LoBello strived to do everything he could to bring relevance to the game in the New England. So he and Garber – who built their relationship through the many UMass games LoBello officiated due to the small number of referees in the area – began driving around the Northeast. They hoped to pitch high schools to start programs, selling them on the sport of lacrosse. Along the way, LoBello proceeded with his officiating recruitment.
The two of them would drop off lacrosse gear, and were responsible for the start of the Northampton High School lacrosse team over 50 years ago. Amherst Regional and Amherst College can also credit LoBello and Garber for the start of their programs as well.
“His pictures on the wall at the Hall of Fame, he's forever in it, and it’s so well-deserved,” Vinny said. “I mean, we got so many comments and phone calls, and cards and letters. People that knew him as an official, or as my dad, or as a coach, just congratulating him. They were just so happy that he got in, because he really did deserve it.”
All of the driving that LoBello and Garber did paid off in 1967, when the Collegiate All-Star Game was finally played in New England. And the game wasn’t just in the region, it was played at UMass.
The cherry on top? LoBello got to officiate the game.

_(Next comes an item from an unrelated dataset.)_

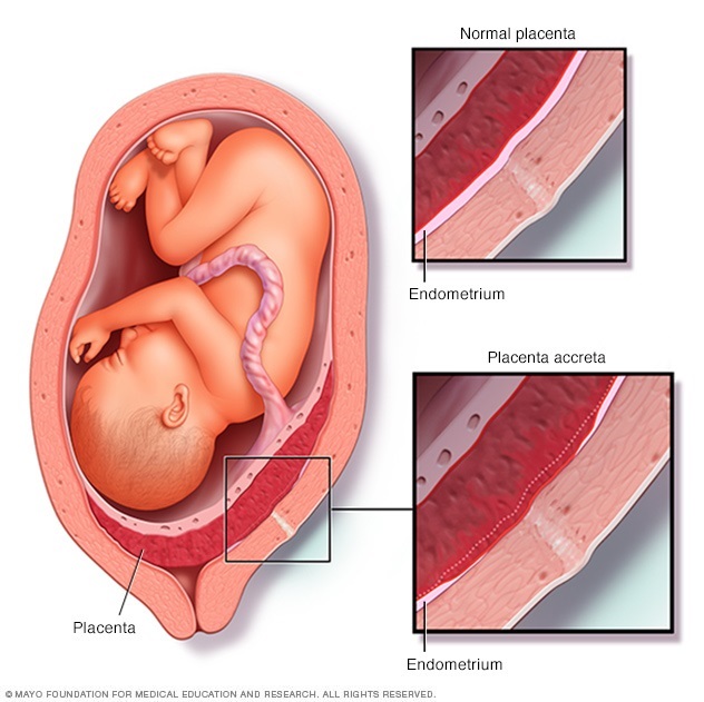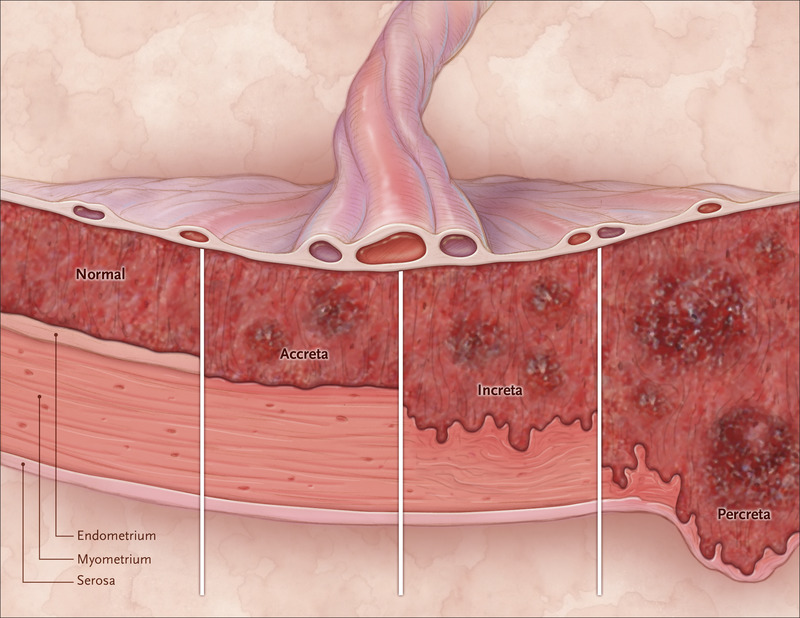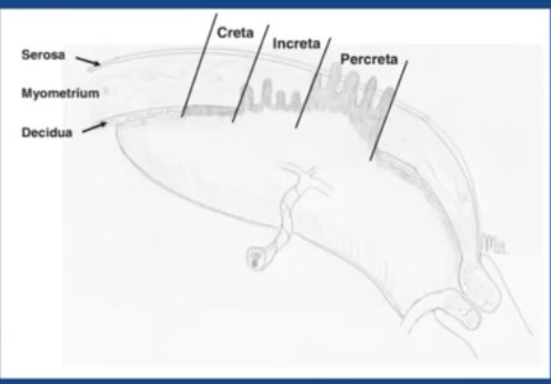 - The cause of accreta is debated – old thoughts were it was an over-aggressive placental trophoblastic invasion through the decidua to the myometrium. But new thoughts are it may more of a problem w the decidua itself where it doesn’t form properly and the placenta attaches to the next logical place – the myometrium.

“That was my dad’s biggest game he ever did,” Vinny said. “And they had it up at UMass, which was really cool.”
There’s no question that LoBello did plenty to deserve a nod into the National Lacrosse Hall of Fame, which now completes the triangle of Hall of Fames that he is in (Western Mass., New England, and now, National). But what stands out beyond LoBello’s career work is the type of person he is.
Vin LoBello was a Hall of Fame man with a Hall of Fame career in the sport of lacrosse.
“He always talked about how important it is to develop relationships with people,” Vinny said. “He just had an outgoing – not not loud, but outgoing – personality. If he saw you, and you saw him, he’d come over, shake your hand, ask you how you were, ask you how your family was, you know, ask you questions about yourself. He was just really interested in people, and getting to know them. Dad was a great person to everybody.”